De 2666

Sobre el lenguaje de los enamorados, recordar que «todo lenguaje sagrado es secreto» (Paz, 1972). Hace tiempo que pienso que las palabras componen paisajes (no sólo sonoros), y en este caso imagino un risco. Algo que eleva, claro, la mirada, que sin separar los pies del suelo cubre una mayor distancia. Si la pareja se rompe, si alguno de los dos pierde la fe en las palabras que la mantienen unida,1 el risco se debate en ruina a la que sólo queda alzar la vista. En cualquier caso, mientras vive(n), un intruso, un extranjero, es capaz de reconocer la presencia de algo que se le escapa en un cruce de esta naturaleza, de vislumbrar el doble efecto de las palabras que se procuran los amantes. Como es obvio, no se reduce al lenguaje oral. Es seguro, de hecho, que habite con más saña los silencios.
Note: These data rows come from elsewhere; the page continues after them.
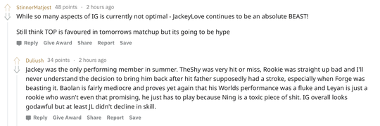 目前IG很多方面都不是最理想状态,但JackeyLove仍然打的像个野兽一样! 虽然我明天还是看好TES,但感觉会是场火星撞地球的比赛。 JackeyLove是队伍里夏季赛唯一表现出色的。TheShy状态不稳;Rookie急转直下,而且我也搞不懂管理层为什么在Rookie的父亲遭遇变故后急急忙忙的把人召回,特别是当时Forge打的好好的情况下;Baolan打的相当平庸,再一次证明了去年世界赛的表现不过是昙花一现;Leyan也仅仅是个尚未让人信服的新秀,但他必须硬着头皮上场因为Ning的事已经是一团乱麻。IG整体看上去相当混乱但至少JKL的技术没有下滑。 我一边想要IG赢,一边又担心他们去了世界赛亲手玷污了去年的神话 我的PTSD要发作了,求求TES阻止IG吧。 - 别担心,就算是TheShy、Rookie和JKL把IG带到世界赛。但凭他们那个送头的野辅,我也不觉得IG能对一支出色的欧洲战队造成威胁。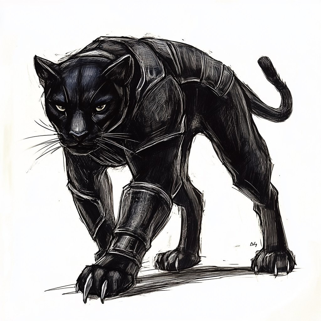 Создано на основе запроса: walking prowling panther animal black puma with medieval armor claws scribble style sketch
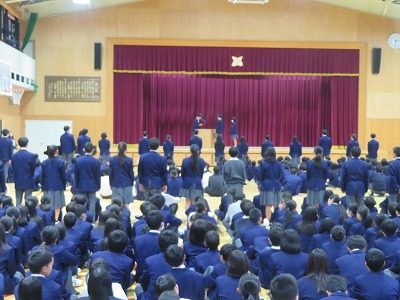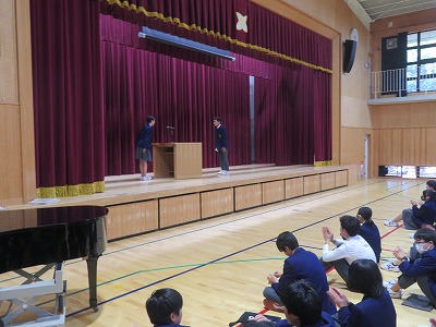 各学級の役員は、その場に起立をし、生徒会会員から大きな拍手で承認されました。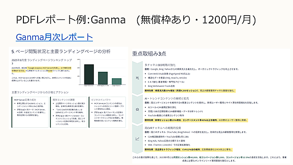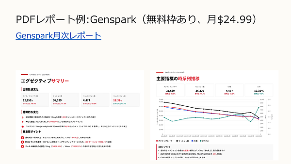決まったフォーマットでレポートを出したい場合も、生成AIが使える。講演では、同じデータをもとに Claude、Ganma、Gensparkで生成した3種類のレポートが紹介された。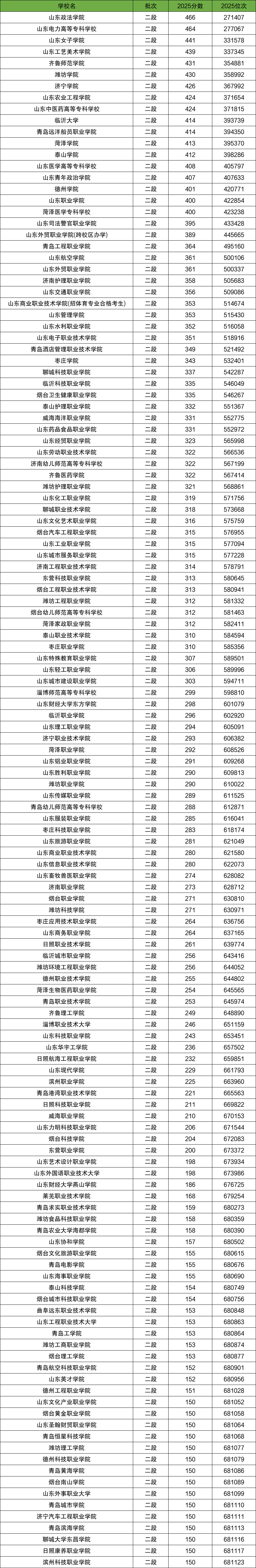 2025年山东各专科大学录取分数线最低是150分、最高是466分。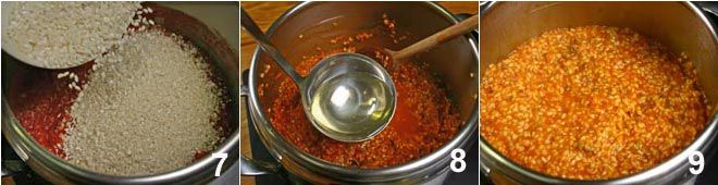 When the sauce is ready, add the rice 7 and, stirring often, cook the rice, adding meat broth 8 when needed, until the risotto appears dry and compact 9.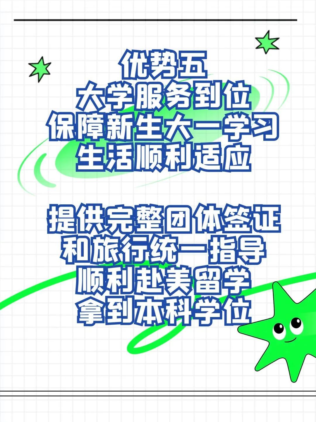 第五,大学辅导员服务到位:保障新生大一学习生活顺利适应,在新生启航年FLY项目结束时,提供完整团体签证和旅行统一指导,顺利赴美留学纽约石溪大学,拿到美国本科学位。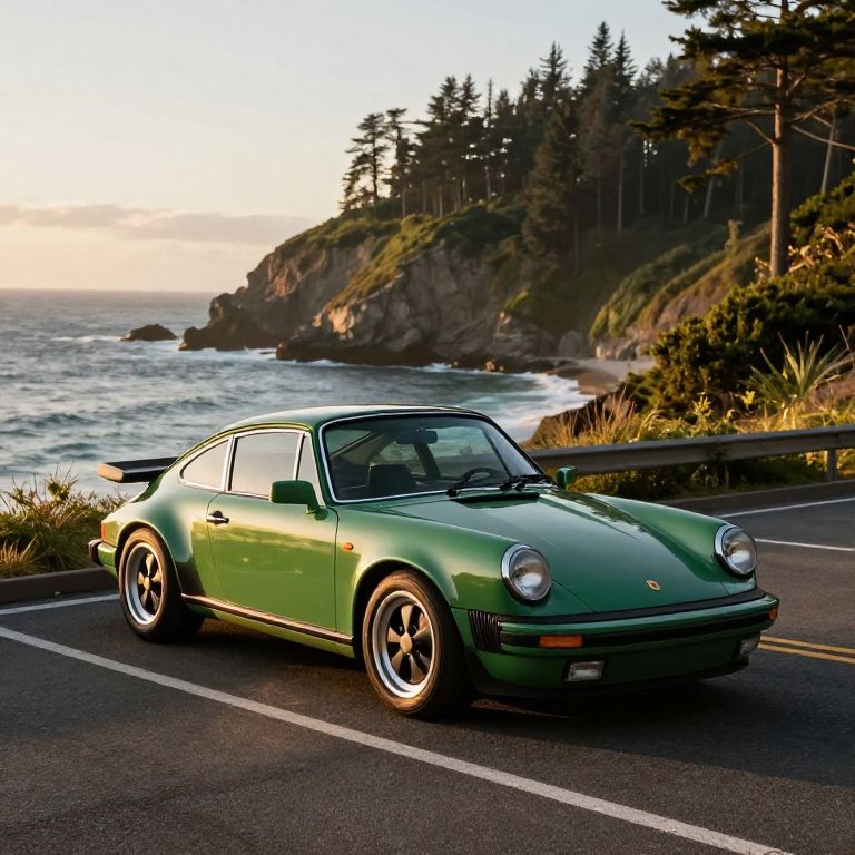 944 Porsche parked on a coastal highway overlooking the ocean, deep forest green color, classic 1980s sports car styling, shiny chrome wheels, sunset lighting casting long shadows, ultra-detailed digital art with emphasis on sleek lines and reflections

La poesía, en su sentido más amplio, tiene a veces la propiedad de encaramar al lector a esa altura y de hacerlo asistir, entendiendo, a esos misterios. No deja de ser una visión fugaz, pero verdadera,2 de una escena casi mitológica, del Eros dulce y amargo (Carson, 2020). En ocasiones así, uno no puede evitar la punzada de reencontrarse en su realidad, de la que escapó momentáneamente en un estado alterado de conciencia, del que se dice que se produce también durante el orgasmo.3

En 2666, Roberto Bolaño lo consigue luego de 942 páginas; lo cual no esconde ningún reproche, sino la certificación de que la subida valió la pena.



Notas
1. Ya dijo san Agustín que «la inteligencia sin fe lleva al vacío».
2. «Beauty is truth, truth beauty,—that is all» (Keats).
3. Si será por eso que estudiamos literatura (?). Se me ocurre, al menos, otra razón.